• **Data section**:

***

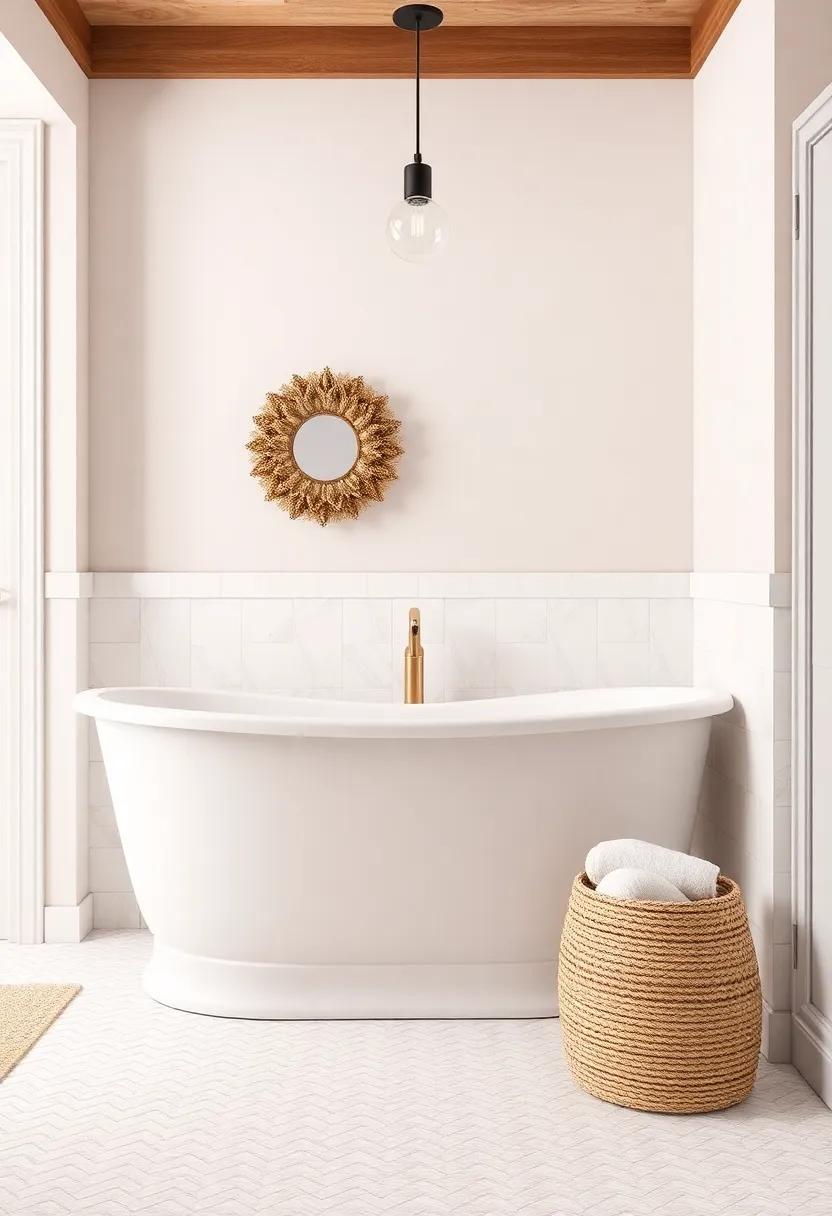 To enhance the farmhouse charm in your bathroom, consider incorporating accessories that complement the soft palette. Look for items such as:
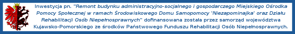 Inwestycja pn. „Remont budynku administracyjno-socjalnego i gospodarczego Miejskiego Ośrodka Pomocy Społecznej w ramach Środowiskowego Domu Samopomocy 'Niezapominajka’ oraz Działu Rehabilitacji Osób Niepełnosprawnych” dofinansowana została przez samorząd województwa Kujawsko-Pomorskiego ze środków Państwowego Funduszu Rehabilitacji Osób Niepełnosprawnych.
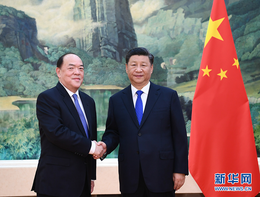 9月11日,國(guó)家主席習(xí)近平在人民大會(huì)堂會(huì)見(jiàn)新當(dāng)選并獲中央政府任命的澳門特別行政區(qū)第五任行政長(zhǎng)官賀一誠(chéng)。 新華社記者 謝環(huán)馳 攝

***

Return the whole listing word for word, minus its pictures.

 To enhance the farmhouse charm in your bathroom, consider incorporating accessories that complement the soft palette. Look for items such as:
 Inwestycja pn. „Remont budynku administracyjno-socjalnego i gospodarczego Miejskiego Ośrodka Pomocy Społecznej w ramach Środowiskowego Domu Samopomocy 'Niezapominajka’ oraz Działu Rehabilitacji Osób Niepełnosprawnych” dofinansowana została przez samorząd województwa Kujawsko-Pomorskiego ze środków Państwowego Funduszu Rehabilitacji Osób Niepełnosprawnych.
 9月11日,國(guó)家主席習(xí)近平在人民大會(huì)堂會(huì)見(jiàn)新當(dāng)選并獲中央政府任命的澳門特別行政區(qū)第五任行政長(zhǎng)官賀一誠(chéng)。 新華社記者 謝環(huán)馳 攝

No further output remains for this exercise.